Exercise goal: Carry none of the pictures over; write out the complete data exactly.

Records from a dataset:
-----

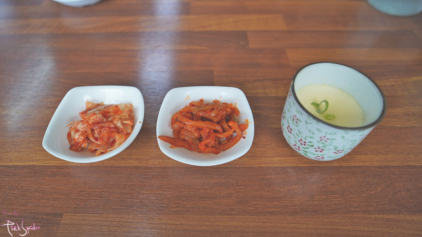 주문하면 김치, 짜사이 그리고 계란찜을 준다.
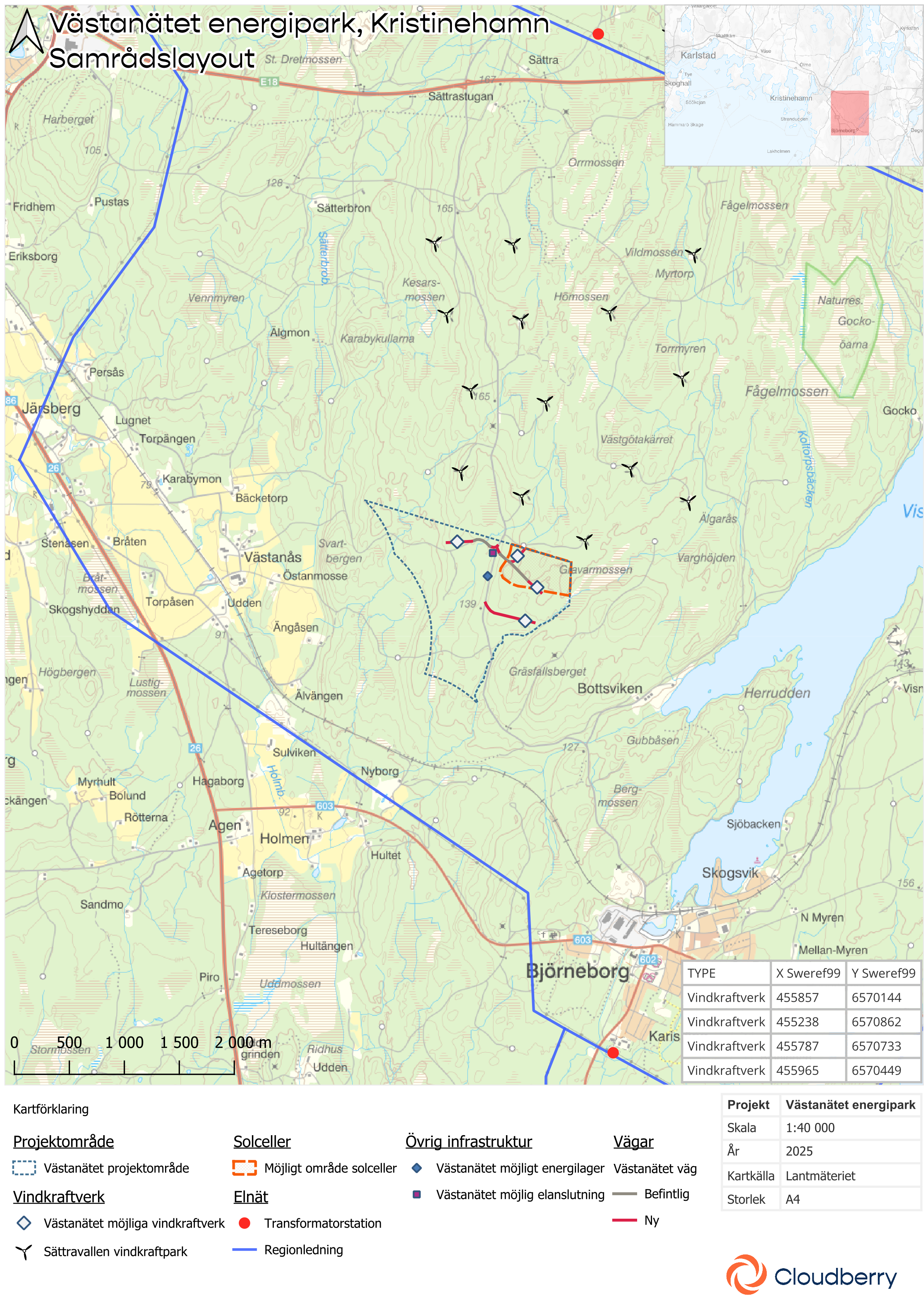 Cloudberry Clean Energy planerar att utveckla en energipark i Kristinehamns kommun, ca 7 kilometer sydost om Kristinehamns tätort. Projektområdet ligger delvis i av Energimyndigheten utpekat riksintresse vindbruk-område. Syftet med projektet är att bidra till omställningen till förnybar energi genom etablering av en energipark bestående av vind- och solenergi samt lagring i form av batteri. I enlighet med miljöbalken (6 kap.) hålls nu samråd för att informera om projektet och ge allmänheten, myndigheter och organisationer möjlighet att lämna synpunkter innan den fortsatta planeringen.
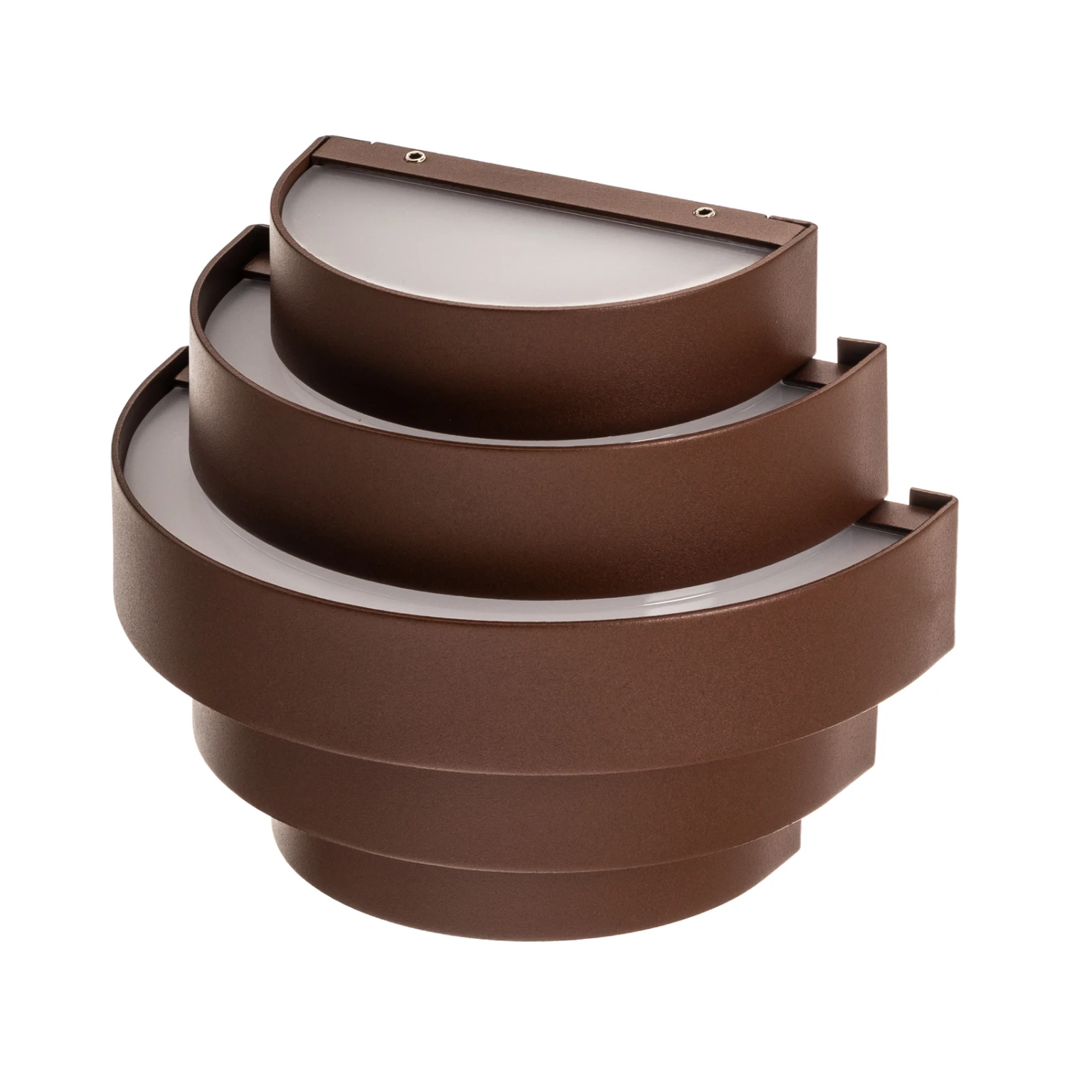Rostbraune LED-Wandleuchte Enisa in besonderem Design für eine indirekte Beleuchtung des Außenbereichs
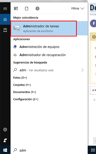 - En la barra de Windows escribe Administrador de tareas y aparecerá para acceder. También accederás utilizando las teclas Windows + X
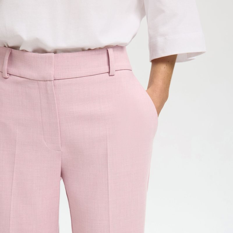 Byxorna är utrustade med praktiska sidofickor och passpoalerade bakfickor som förstärker det skräddade uttrycket. Pressveck mitt på benen ger en polerad finish, och den beskurna längden framhäver både sneakers, loafers och klackar – perfekt när du vill visa upp dina favoritskor.
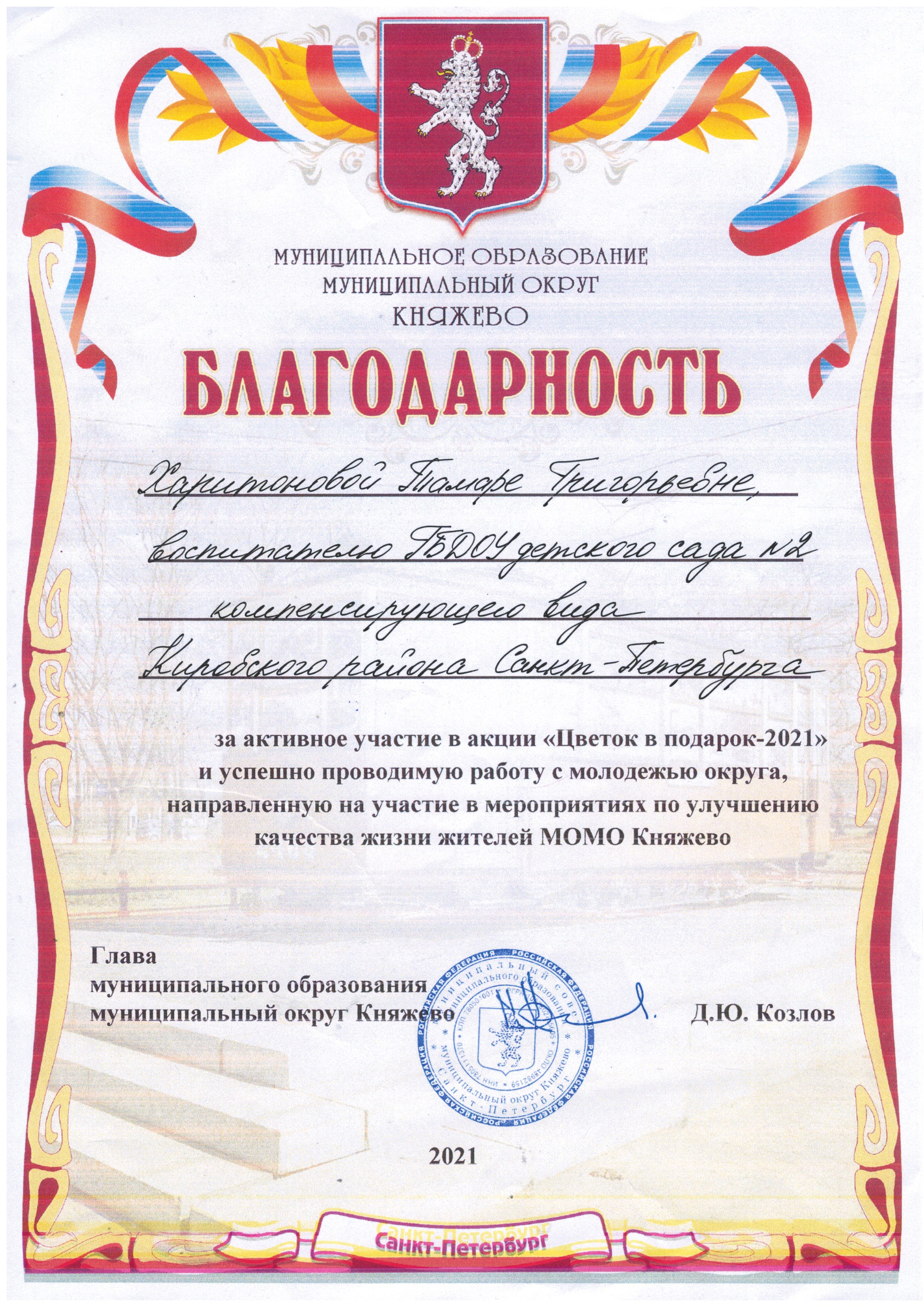 2021 - благодарность от главы муниципального образования муниципального округа Княжево Д.Ю. Козлова за активное участие в акции «Цветок в подарок-2021» и успешно проводимую работу с молодежью округа, направленную на участие в мероприятиях по улучшению качества жизни жителей МОМО Княжево

-----

Exercise solution:
 주문하면 김치, 짜사이 그리고 계란찜을 준다.
 Cloudberry Clean Energy planerar att utveckla en energipark i Kristinehamns kommun, ca 7 kilometer sydost om Kristinehamns tätort. Projektområdet ligger delvis i av Energimyndigheten utpekat riksintresse vindbruk-område. Syftet med projektet är att bidra till omställningen till förnybar energi genom etablering av en energipark bestående av vind- och solenergi samt lagring i form av batteri. I enlighet med miljöbalken (6 kap.) hålls nu samråd för att informera om projektet och ge allmänheten, myndigheter och organisationer möjlighet att lämna synpunkter innan den fortsatta planeringen.
Rostbraune LED-Wandleuchte Enisa in besonderem Design für eine indirekte Beleuchtung des Außenbereichs
 - En la barra de Windows escribe Administrador de tareas y aparecerá para acceder. También accederás utilizando las teclas Windows + X
 Byxorna är utrustade med praktiska sidofickor och passpoalerade bakfickor som förstärker det skräddade uttrycket. Pressveck mitt på benen ger en polerad finish, och den beskurna längden framhäver både sneakers, loafers och klackar – perfekt när du vill visa upp dina favoritskor.
 2021 - благодарность от главы муниципального образования муниципального округа Княжево Д.Ю. Козлова за активное участие в акции «Цветок в подарок-2021» и успешно проводимую работу с молодежью округа, направленную на участие в мероприятиях по улучшению качества жизни жителей МОМО Княжево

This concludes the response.